# Genuine Map of CPEC



## Saifullah Sani

CPEC is not a road project. It is a framework with energy, infrastructure, port, and industry projects. Gawadar will be connected to Khunjrab through multiple routes as port will serve different markets and destinations. Route # 1 Gawadar- Quetta- Zhob- DIKhan- Islamabad to Khunjrab, Route # 2 Gawadar-Sukkur- Indus Highway to Khunjrab, Route # 3 Gawadar-Sukkur- Karachi Peshawar Motorway to Khunjrab. Work on Route #1 started by FWO last year to complete 650kms missing link between Gawadar- Sorab. Route #1 will be first to be operational by Dec, 2016 IA.

Reactions: Like Like:
1


----------



## Muhammad Omar

looks almost same

Reactions: Like Like:
1


----------



## Hyde

sharing one more map, same sketch with better detail.

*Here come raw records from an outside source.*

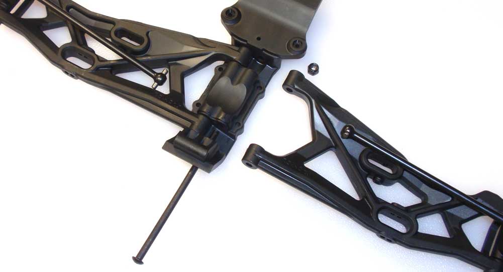 Slip the front suspension arms into the front bulkhead. Slide the hinge pins through to capture the suspension arms and secure with the M3 lock nut. Holding onto the lock nut when snugging up the screw can get a bit tricky, so have a pair of needlenose pliers handy to help out.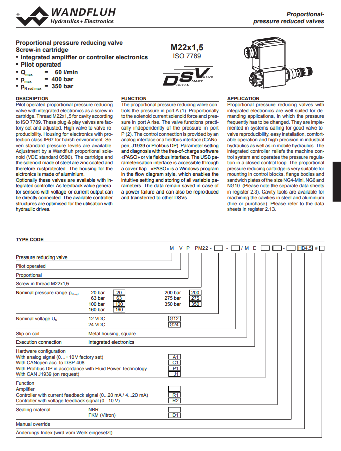 Proportional pressure reducing cartridge pilot operated (slip-on-coil, integrated electronics) MVPPM22_ME-Wandfluh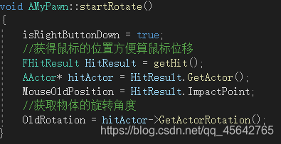 首先,先在之前按下鼠标右键绑定的函数startRotate里添加如下所示的代码。与移动鼠标思路一致,获取鼠标的当前位置和物体的当前旋转角度。

So it's like UK where we have M11, A1(M), M1 and M40 doing similar purpose. If you want to go to North (You can take M11, A1(M) or M1 and you will be heading towards the major cities of Leicester, Nottingham, Leeds etc. Even M40 is fine depending on the city you are travelling to

By that logic all I am saying is, if you want to go to Kashgar via Lahore, take route A, if you want to go to Kasghar via Karachi, take route B and if you want to go to Kashgar via Quetta take the route C or D. It's as simple as that. It's the ultimate infrastructure of highways/expressways/motorways in Pakistan, its going to serve very similar purpose to that of UK in my opinion since both countries are geographically longer






-----

Motorway map of UK (just see M11, A1 & A1(M), M1 and M40 coming out of the circle (Greater London/M25) and after connecting most of the major cities in UK, it sometimes merges together or come close to each other and then make the way for connecting other major cities so its a very good idea of having multiple motorways and availability of alternative routes


----------



## Reverse Thinker

how is the idea if in center of cpec road solar penals to be installed especially in the areas of south punjab and balochistan where the tempreture remains more hot in this way electricity to be use for lighting of cpec and also can supply local grid and it will be also safe becuse govt is going to put petroling force to protect this cpec road through out the country

Reactions: Like Like:
1


----------